-------- Dataset records --------

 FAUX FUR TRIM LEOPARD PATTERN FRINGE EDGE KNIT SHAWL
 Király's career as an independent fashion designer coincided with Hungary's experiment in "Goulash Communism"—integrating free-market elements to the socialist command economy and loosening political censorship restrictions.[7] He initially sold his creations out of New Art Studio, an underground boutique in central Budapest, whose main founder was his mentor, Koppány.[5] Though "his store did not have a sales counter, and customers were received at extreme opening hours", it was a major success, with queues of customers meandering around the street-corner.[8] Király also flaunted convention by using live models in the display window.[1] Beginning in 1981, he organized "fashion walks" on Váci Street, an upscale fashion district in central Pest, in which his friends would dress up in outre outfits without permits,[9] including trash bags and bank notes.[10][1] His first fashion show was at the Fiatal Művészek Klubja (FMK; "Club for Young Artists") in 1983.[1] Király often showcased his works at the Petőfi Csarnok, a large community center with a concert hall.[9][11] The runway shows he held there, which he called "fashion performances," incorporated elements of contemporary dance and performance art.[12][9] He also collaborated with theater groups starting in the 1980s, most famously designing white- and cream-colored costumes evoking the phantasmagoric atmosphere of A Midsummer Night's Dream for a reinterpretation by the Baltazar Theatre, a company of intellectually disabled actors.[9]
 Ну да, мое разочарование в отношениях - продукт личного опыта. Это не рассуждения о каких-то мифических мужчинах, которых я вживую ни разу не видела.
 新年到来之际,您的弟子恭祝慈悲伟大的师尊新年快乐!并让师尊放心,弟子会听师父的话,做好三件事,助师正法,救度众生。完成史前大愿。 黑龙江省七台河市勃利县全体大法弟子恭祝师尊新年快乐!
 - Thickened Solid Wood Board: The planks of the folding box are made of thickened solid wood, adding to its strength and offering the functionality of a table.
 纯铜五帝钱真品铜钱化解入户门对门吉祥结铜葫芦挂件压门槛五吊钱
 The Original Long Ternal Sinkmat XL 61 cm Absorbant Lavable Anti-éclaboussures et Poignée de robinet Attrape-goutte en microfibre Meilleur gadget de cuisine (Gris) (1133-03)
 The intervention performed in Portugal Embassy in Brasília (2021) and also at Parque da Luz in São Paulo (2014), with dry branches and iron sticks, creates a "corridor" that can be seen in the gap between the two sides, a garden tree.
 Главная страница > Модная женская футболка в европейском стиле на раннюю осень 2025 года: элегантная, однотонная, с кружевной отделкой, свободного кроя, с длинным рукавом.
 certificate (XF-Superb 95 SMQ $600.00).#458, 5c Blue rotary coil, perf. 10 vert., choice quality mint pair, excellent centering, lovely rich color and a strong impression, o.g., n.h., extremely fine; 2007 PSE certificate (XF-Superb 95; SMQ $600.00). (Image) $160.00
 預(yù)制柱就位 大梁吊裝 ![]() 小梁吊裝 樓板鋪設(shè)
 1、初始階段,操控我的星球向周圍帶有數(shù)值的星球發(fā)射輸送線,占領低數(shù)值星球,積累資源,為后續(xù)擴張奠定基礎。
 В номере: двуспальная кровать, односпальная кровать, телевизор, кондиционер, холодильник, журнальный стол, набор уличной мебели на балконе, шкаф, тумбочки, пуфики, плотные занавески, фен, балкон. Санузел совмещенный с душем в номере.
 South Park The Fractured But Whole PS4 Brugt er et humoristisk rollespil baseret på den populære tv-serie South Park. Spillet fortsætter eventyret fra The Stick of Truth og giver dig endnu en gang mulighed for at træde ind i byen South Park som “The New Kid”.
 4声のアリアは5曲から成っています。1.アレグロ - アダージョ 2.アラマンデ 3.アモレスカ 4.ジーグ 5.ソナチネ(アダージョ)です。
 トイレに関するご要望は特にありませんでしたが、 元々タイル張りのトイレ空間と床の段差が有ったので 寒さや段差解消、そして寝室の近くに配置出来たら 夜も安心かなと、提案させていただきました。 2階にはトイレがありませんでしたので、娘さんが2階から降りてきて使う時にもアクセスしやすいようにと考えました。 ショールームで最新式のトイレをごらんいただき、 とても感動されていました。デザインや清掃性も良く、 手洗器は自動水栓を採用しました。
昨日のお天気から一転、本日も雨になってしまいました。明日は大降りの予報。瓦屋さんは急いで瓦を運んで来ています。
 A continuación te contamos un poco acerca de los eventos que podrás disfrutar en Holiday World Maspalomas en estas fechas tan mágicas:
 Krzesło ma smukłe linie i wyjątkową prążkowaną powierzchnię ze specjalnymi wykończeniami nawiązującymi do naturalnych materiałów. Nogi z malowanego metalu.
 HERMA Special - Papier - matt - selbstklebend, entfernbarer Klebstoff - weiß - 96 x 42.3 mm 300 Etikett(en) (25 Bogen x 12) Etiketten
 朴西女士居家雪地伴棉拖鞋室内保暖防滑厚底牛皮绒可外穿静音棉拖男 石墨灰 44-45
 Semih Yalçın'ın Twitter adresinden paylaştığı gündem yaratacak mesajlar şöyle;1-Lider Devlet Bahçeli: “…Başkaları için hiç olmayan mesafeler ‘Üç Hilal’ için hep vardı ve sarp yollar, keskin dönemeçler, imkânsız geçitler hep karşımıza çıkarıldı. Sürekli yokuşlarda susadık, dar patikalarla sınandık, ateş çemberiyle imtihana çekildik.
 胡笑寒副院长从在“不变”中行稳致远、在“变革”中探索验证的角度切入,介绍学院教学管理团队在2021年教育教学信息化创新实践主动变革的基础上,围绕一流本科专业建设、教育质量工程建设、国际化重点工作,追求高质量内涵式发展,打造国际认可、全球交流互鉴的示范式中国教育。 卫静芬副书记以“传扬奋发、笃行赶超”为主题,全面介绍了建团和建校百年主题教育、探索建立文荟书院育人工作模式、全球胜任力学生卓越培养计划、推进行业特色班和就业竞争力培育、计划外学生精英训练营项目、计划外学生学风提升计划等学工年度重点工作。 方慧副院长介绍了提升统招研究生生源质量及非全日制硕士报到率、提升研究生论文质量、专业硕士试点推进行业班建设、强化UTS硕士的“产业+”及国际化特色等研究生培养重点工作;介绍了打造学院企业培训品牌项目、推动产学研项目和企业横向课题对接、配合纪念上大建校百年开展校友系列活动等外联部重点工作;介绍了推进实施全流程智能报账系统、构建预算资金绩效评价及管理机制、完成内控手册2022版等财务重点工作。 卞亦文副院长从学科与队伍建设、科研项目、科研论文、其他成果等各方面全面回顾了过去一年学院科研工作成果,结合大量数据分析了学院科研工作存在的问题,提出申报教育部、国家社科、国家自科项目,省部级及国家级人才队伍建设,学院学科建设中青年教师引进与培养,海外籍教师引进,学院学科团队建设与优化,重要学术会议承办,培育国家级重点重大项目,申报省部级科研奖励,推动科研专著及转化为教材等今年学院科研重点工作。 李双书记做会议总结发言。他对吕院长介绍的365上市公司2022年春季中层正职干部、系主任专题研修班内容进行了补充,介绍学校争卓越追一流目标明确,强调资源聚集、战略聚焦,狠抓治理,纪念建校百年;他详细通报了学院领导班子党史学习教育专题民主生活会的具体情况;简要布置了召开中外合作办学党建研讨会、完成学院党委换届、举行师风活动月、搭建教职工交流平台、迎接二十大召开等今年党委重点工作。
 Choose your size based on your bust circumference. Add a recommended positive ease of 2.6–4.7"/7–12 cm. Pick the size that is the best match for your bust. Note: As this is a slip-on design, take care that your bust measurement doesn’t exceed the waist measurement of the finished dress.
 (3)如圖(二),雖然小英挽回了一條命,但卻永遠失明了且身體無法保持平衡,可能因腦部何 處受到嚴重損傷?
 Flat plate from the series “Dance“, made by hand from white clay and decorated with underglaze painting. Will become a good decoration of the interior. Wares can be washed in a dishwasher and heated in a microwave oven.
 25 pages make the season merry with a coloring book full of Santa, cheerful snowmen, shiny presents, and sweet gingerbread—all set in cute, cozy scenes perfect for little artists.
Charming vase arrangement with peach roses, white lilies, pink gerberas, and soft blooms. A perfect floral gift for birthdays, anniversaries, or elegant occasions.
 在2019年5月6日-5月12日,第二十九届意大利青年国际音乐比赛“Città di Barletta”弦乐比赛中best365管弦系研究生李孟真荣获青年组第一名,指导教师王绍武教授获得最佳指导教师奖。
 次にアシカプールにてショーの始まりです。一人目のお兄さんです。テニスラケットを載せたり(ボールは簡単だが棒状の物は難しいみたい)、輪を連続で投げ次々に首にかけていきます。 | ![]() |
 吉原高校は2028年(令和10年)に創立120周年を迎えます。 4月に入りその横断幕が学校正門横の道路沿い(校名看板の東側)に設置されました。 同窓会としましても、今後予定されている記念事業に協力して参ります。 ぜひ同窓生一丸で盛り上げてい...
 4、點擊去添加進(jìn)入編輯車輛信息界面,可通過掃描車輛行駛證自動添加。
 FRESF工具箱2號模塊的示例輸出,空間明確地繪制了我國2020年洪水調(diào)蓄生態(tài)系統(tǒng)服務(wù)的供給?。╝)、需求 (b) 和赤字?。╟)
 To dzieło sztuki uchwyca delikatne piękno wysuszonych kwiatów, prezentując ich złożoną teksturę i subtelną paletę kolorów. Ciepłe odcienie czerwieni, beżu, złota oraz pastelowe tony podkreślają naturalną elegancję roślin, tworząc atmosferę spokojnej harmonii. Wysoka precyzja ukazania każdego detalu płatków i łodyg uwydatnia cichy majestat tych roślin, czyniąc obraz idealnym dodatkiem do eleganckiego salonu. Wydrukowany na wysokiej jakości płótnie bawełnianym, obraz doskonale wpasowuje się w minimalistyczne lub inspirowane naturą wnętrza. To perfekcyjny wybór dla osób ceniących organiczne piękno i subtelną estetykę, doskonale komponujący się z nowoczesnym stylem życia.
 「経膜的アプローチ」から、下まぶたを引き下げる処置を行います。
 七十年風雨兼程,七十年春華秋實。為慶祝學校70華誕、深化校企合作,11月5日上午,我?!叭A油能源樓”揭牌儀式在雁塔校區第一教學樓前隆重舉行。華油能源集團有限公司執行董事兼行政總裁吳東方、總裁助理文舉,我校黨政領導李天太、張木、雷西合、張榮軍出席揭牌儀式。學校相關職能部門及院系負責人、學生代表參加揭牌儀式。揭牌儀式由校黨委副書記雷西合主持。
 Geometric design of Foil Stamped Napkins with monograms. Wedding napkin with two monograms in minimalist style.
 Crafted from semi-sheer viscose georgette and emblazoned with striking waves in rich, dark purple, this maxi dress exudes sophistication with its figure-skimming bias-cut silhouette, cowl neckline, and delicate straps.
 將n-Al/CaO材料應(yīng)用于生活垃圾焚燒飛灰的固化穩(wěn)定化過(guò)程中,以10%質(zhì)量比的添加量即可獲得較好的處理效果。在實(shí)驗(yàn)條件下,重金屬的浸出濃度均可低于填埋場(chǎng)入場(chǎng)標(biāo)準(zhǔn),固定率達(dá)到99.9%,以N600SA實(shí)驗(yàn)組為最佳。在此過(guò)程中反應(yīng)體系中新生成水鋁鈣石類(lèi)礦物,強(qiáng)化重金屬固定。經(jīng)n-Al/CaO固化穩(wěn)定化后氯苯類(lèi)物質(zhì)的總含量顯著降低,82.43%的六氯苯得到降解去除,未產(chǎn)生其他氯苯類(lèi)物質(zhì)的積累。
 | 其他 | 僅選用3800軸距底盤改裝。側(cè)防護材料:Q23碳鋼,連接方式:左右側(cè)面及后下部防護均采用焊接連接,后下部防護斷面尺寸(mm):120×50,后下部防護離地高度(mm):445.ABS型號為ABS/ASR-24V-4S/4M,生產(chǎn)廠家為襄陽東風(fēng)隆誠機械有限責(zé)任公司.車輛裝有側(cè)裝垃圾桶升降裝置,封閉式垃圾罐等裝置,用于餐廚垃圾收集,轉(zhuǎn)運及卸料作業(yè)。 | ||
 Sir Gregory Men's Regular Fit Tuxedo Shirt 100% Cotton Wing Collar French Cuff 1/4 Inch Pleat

--------

**Aim of the exercise**
Every line above from the line with "七十年風雨兼程,七十年春華秋" to the line with "Geometric design of", inclusive, must be returned exactly; no other line belongs in the reply.

**Written response**
 七十年風雨兼程,七十年春華秋實。為慶祝學校70華誕、深化校企合作,11月5日上午,我?!叭A油能源樓”揭牌儀式在雁塔校區第一教學樓前隆重舉行。華油能源集團有限公司執行董事兼行政總裁吳東方、總裁助理文舉,我校黨政領導李天太、張木、雷西合、張榮軍出席揭牌儀式。學校相關職能部門及院系負責人、學生代表參加揭牌儀式。揭牌儀式由校黨委副書記雷西合主持。
 Geometric design of Foil Stamped Napkins with monograms. Wedding napkin with two monograms in minimalist style.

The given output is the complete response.